Costfoto | Barcroft Media | Getty Images

Hong Kong-listed shares of Weibo opened 6% lower in their trading debut on Wednesday.

Shares opened at 256.20 Hong Kong {dollars} ($32.85) a chunk in comparison with a proposal value of 272.80 Hong Kong {dollars} ($34.98).

It is a secondary itemizing for the Chinese social media giant, which raised roughly $385 million.

The most important itemizing is on the Nasdaq in the U.S., the place the inventory rose 4.69% in the in a single day session.

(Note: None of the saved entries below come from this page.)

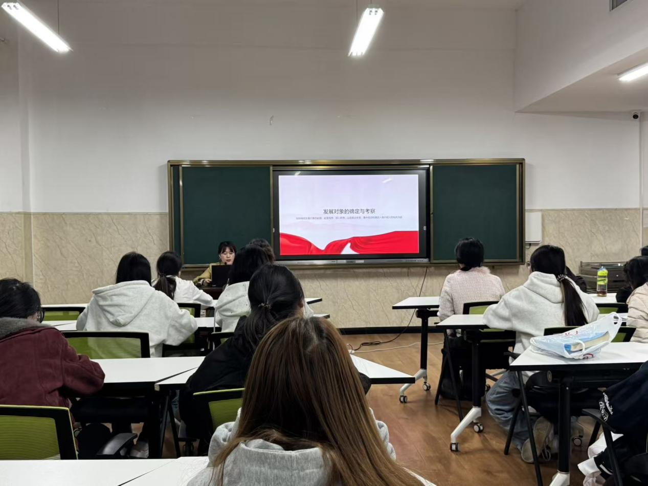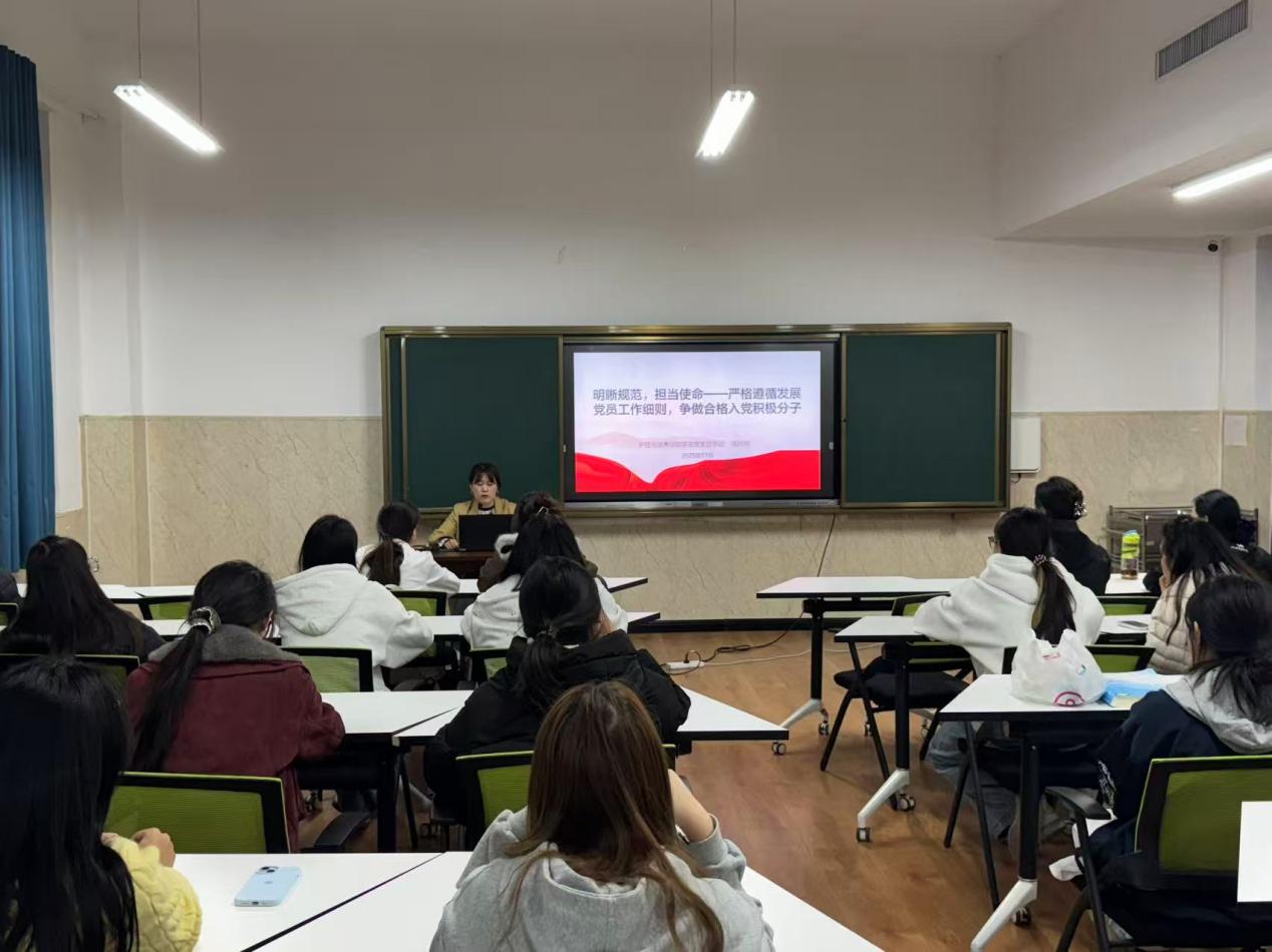 为规范发展党员工作,帮助2024级入党积极分子明确入党流程、强化责任担当,11月11日,护理与康养学院学生党支部开展2024级入党积极分子上党课活动。本次党课由学生党支部书记周柃楠主讲,全体2024级入党积极分子参会。
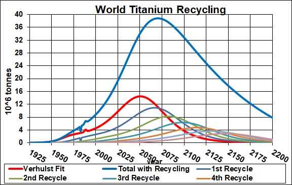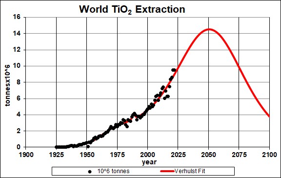 The graph below shows the titanium extraction data for the world and two Verhulst function fits to the data in order to extrapolate into the future.
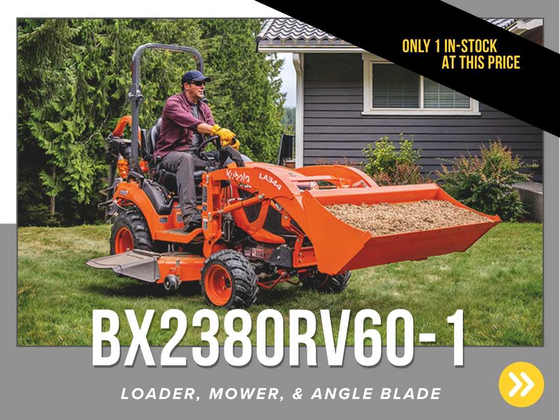 *Customer instant rebates of $4,000 are available on qualifying finance or cash purchases or BX2380 equipment. **0% Down, 5.99% A.P.R. financing for up to 84 months on purchases of select new Kubota BX2380 equipment from participating dealers’ in stock inventory is available to qualified purchasers through Kubota Credit Corporation, U.S.A.; subject to credit approval. Example: 84 monthly payments of $14.60 per $1,000 financed. Some exceptions apply. Offers expires 12/31/2025. Terms subject to change. This material is for descriptive purposes only. Kubota disclaims all representations and warranties, express or implied, or any liability from the use of this material. For complete warranty, disclaimer, safety, incentive offer and product information, see Dealer or go to KubotaUSA.com. †Power (HP/KW) and other specifications are based on various standards or recommended practices.
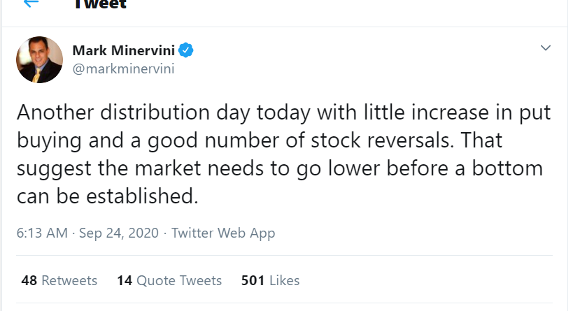 Trên twitter, phù thủy Mark Minervini cảnh báo khả năng tiếp tục giảm sâu hơn vì số người mua mua quyền chọn bán tăng lên khá ít trong khi nhiều cổ phiếu tốt đã đảo chiều. Tâm lý đám đông vẫn chưa thực sự là bi quan quá mức và điều đó ủng hộ cho sự sụt giảm tiếp theo của thị trường. Đáy chỉ thực sự xuất hiện khi đám động hoảng loạn. Còn giờ chi số Put/Call ratio vẫn chưa ở mức hoảng loạn.
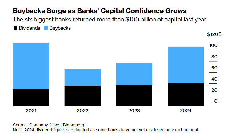 来源:Bloomberg – Banks Hand $100 Billion to Shareholders, Most Since 2021
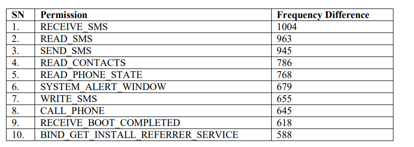 Table 2. Top 10 permissions with highest frequency difference.
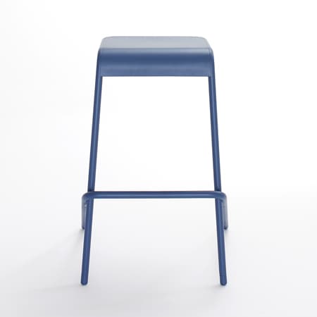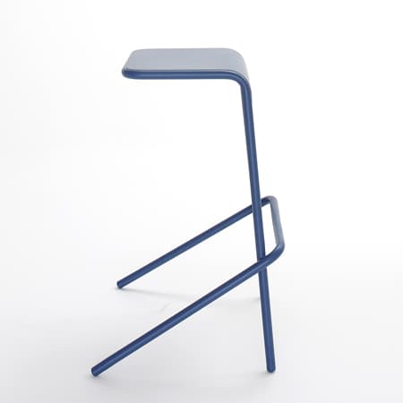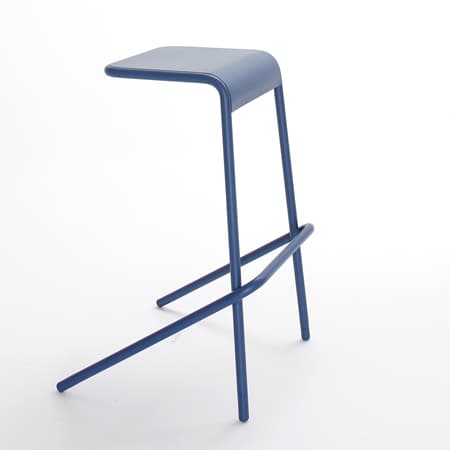 Los mejores diseños de muebles suelen ser los que menos elementos tienen, como este taburete llamado Alodia. Está resuelto con tan solo 3 partes curvadas: dos tubos y una chapa de acero. Su mérito consiste en el equilibrio entre inclinación, dimensión, el punto donde poner las soldaduras; y los remates finales de goma en los extremos (apoyos).

Weibo’s secondary itemizing comes as Chinese ride-hailing giant Didi final week mentioned it will delist from the New York Stock Exchange, and make plans to record in Hong Kong.

Chinese regulators have been reportedly sad with Didi’s determination to record in the U.S. with out first resolving excellent cybersecurity points. Regulators advised the agency’s executives to provide you with a plan to delist from the U.S. resulting from considerations round knowledge leakage, according to reports.

Didi is China’s largest ride-hailing app and owns a big quantity of knowledge on journey routes and customers.

Weibo is the newest Chinese web firm to do a secondary itemizing in Hong Kong.

Others which have carried out so in latest years embrace search engine giant Baidu, e-commerce behemoth Alibaba, its rival JD.com in addition to gaming agency NetEase.

It has been a wild ride over the past year for China’s technology sector. Regulators tightened their scrutiny on firms in a transfer that wiped billions of {dollars} off their market worth. Meanwhile, Beijing continues to push for technological self-sufficiency.

CNBC’s Weizhen Tan contributed to this report.